I don’t remember what all she said but she told me that my father had been so proud of me, that when he had gone into the appointment for the EKG on that Monday when he was later airlifted, that he was telling them all about me getting inducted into Honor Society.
So on that day, my birthday, Mrs. Moore took me to the mall during school hours (I did not go to school that day) and we found a mint green dress for me to wear that night to the Honor Society induction ceremony at Christiana High School.
__________
-This piece was written in 2018, and edited today, May 10, 2022.
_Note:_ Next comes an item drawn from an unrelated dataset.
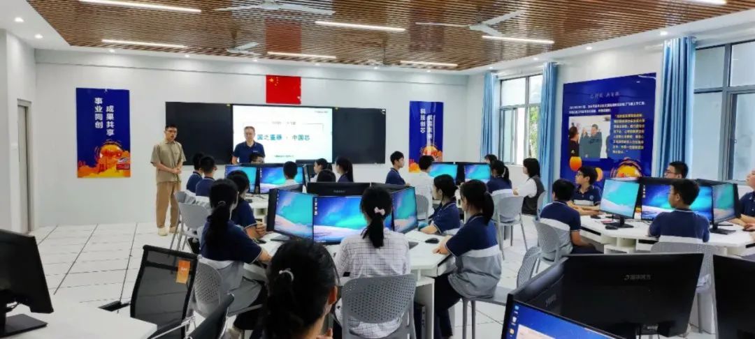本次教研活动在江西省标杆示范电子化科创教室举办,该教室部署了40余台基于银河麒麟操作系统V10和飞腾腾锐 D2000处理器和的同方国产化整机作为教学终端。为了以自主核心技术服务中小学科创教育数字化、课后服务精细化,提升学生核心素养,培养自主创新科技后备人才,麒麟软件、飞腾、中望软件、金山办公、同方、极域、太尔时代等企业,在教研活动中导入3D设计创意元素,结合信息科技新课标,融入思政教育,打造 “文化自信+科技创新” 为主题的教研实践。同时,该教室可进行国产化信息技术基础、办公软件、初级编程等多种教学,有助于青少年学习、体验计算机科学知识,培养自主创新意识,感受爱国主义情怀。
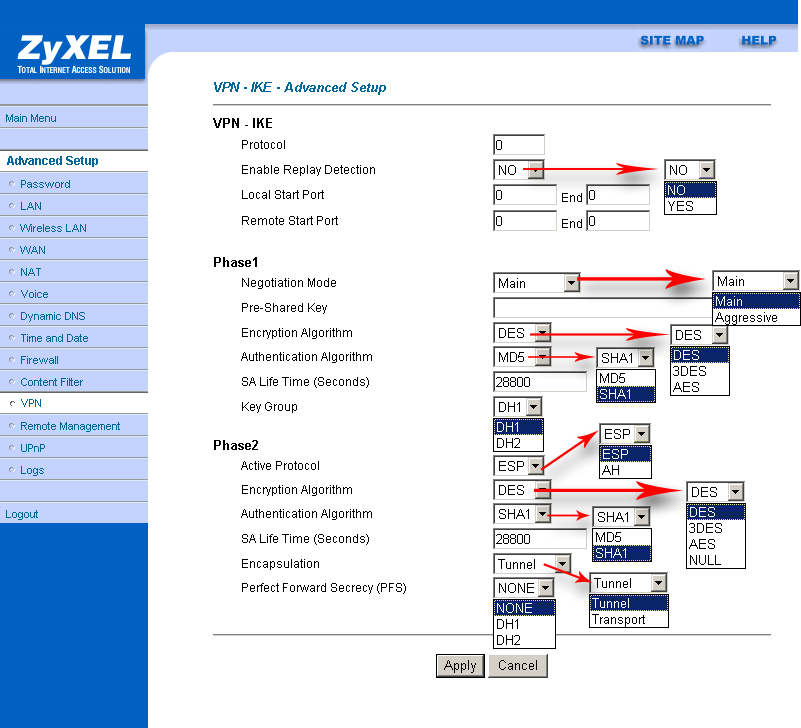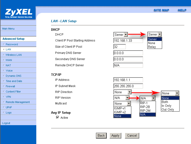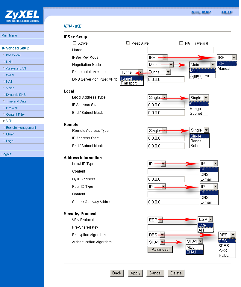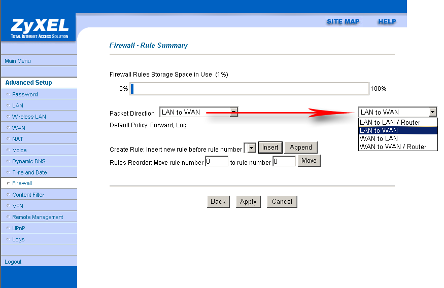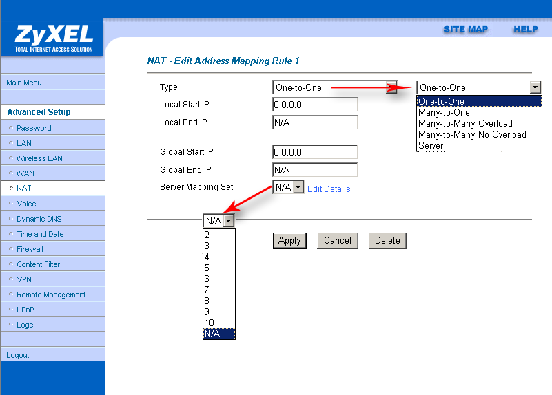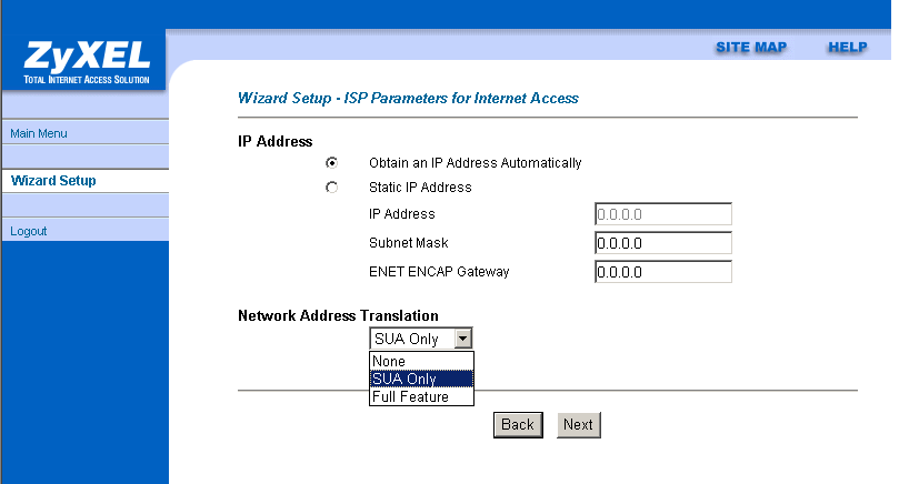 Пункт "SUA Only" (Single User Account) — используется в случае, если WAN-интерфейс имеет 1 IP-адрес. Пункт "Full Feature" применяется, когда WAN-интерфейс имеет несколько адресов.

There are two other pieces on my blog that are related to this piece.
YOU CAME TO ME
(written May 10, 2021)
HE WAS PROBABLY CHECKING ON HIS TOMATOES (AND) GETTING FIREWOOD
(Written MARCH 20, 2022)
Footnotes
1 Tonight, 5/22/22, I scanned parts of my father’s autopsy (below, the first three pages), which I have (in parts) have read before, and noticed for the first time that they did NOT examine his brain. All these years I assumed they did what my mother was demanding, but, they did not. There are pages of diagrams of heart/lungs and more with all kinds of notes…but…the page for neuropathology is unmarked. This is interesting to me, and slightly significant to know. When I viewed my father in the casket, one of the things that disturbed me was imagining his brain being cut open, and I could not figure out or understand how I saw no evidence of any cutting. My mind as a young girl, thought many many things…it was quite traumatic. Also, I do remember wondering if they had found the strawberry cake that I made, and he ate, on that Saturday before he ended up in the hospital. It was both emotional in thought, plus, the morbidity and confusion of it all…in my young mind, was a lot to process.